**Exercise aim**
In the material below, begin at the line that has "そのうえで、社員を一方的にく", stop after the line that has "第二步:登录成功后,点击准考证切换,激活准考证。", and transcribe those lines exactly, without pictures.
··· Source material ···
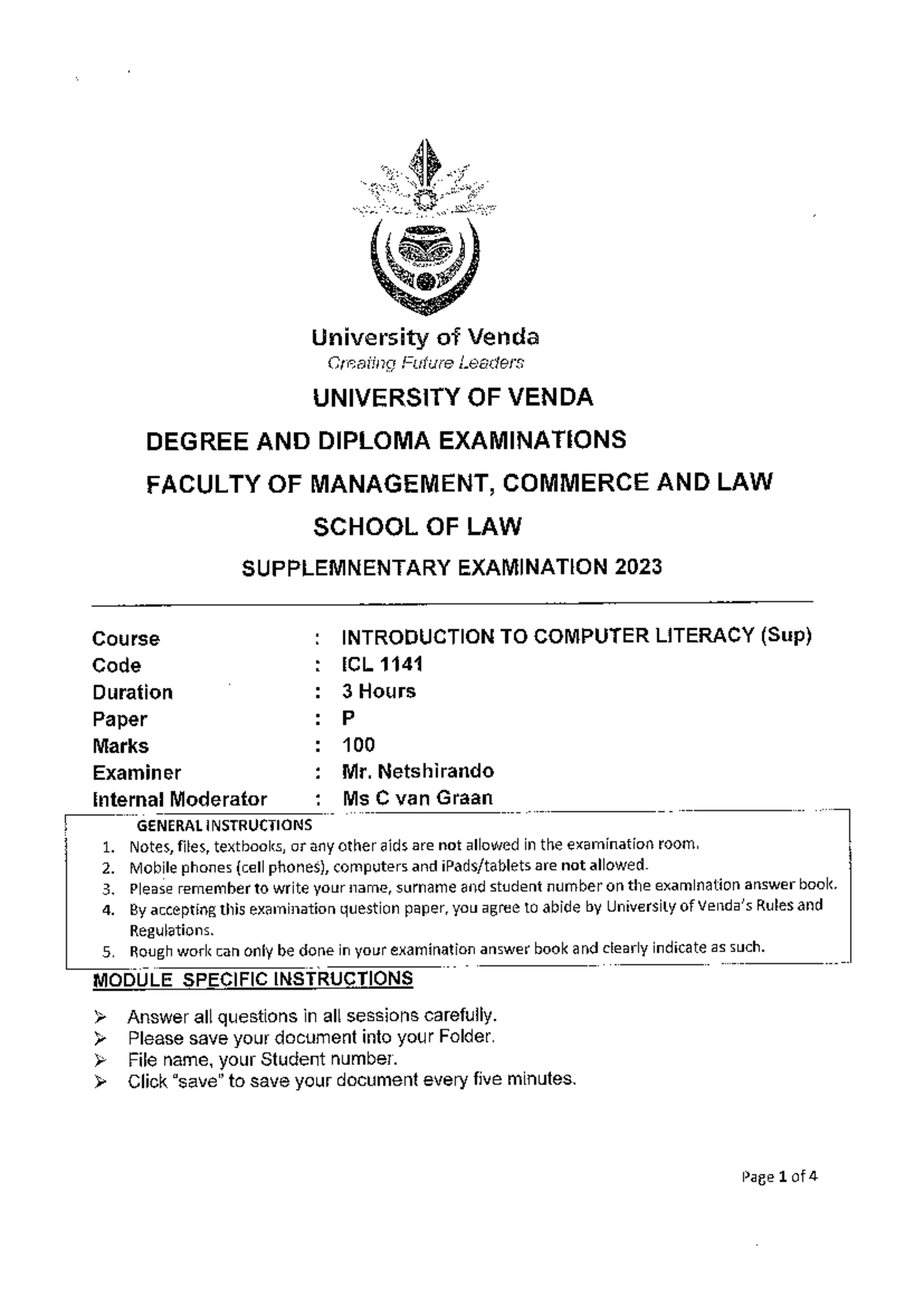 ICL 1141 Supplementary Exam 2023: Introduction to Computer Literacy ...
···
··· Source material ···
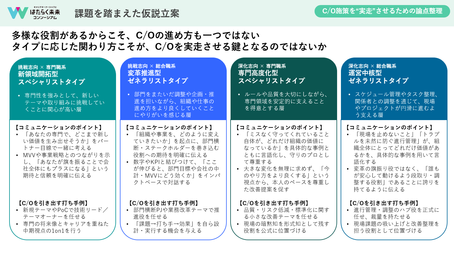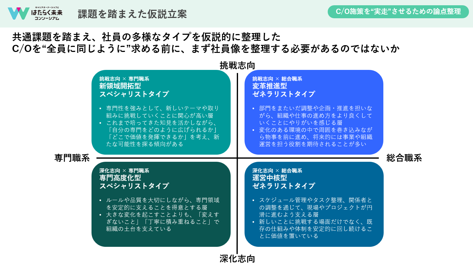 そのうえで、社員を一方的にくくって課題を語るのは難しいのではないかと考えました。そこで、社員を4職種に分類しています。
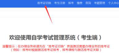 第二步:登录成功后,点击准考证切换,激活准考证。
···
··· Source material ···
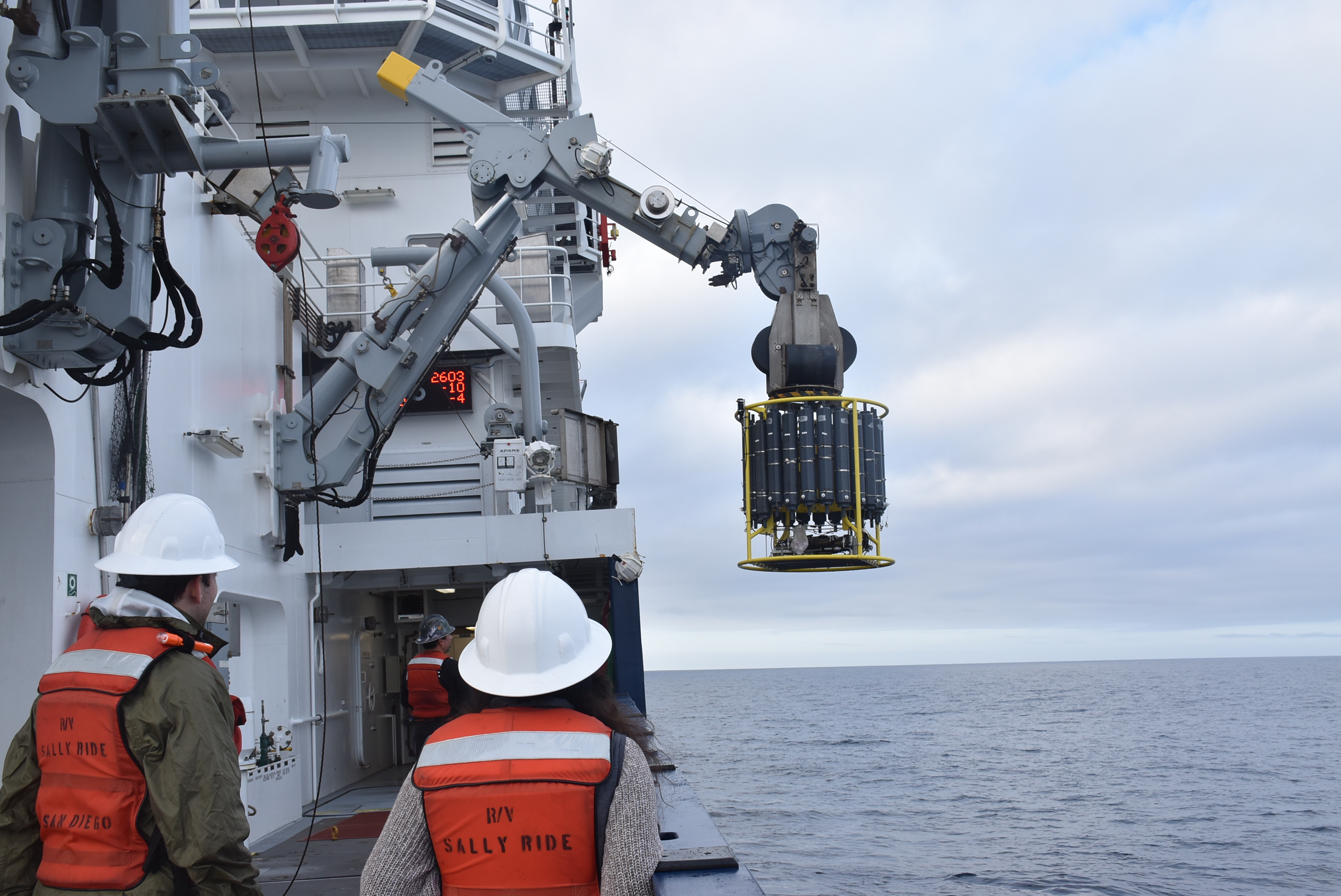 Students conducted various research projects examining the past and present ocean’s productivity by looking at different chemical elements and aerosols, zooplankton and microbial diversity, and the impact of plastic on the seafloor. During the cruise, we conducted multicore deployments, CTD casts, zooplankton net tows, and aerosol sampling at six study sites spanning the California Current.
···
**Output for this exercise**
 そのうえで、社員を一方的にくくって課題を語るのは難しいのではないかと考えました。そこで、社員を4職種に分類しています。
 第二步:登录成功后,点击准考证切换,激活准考证。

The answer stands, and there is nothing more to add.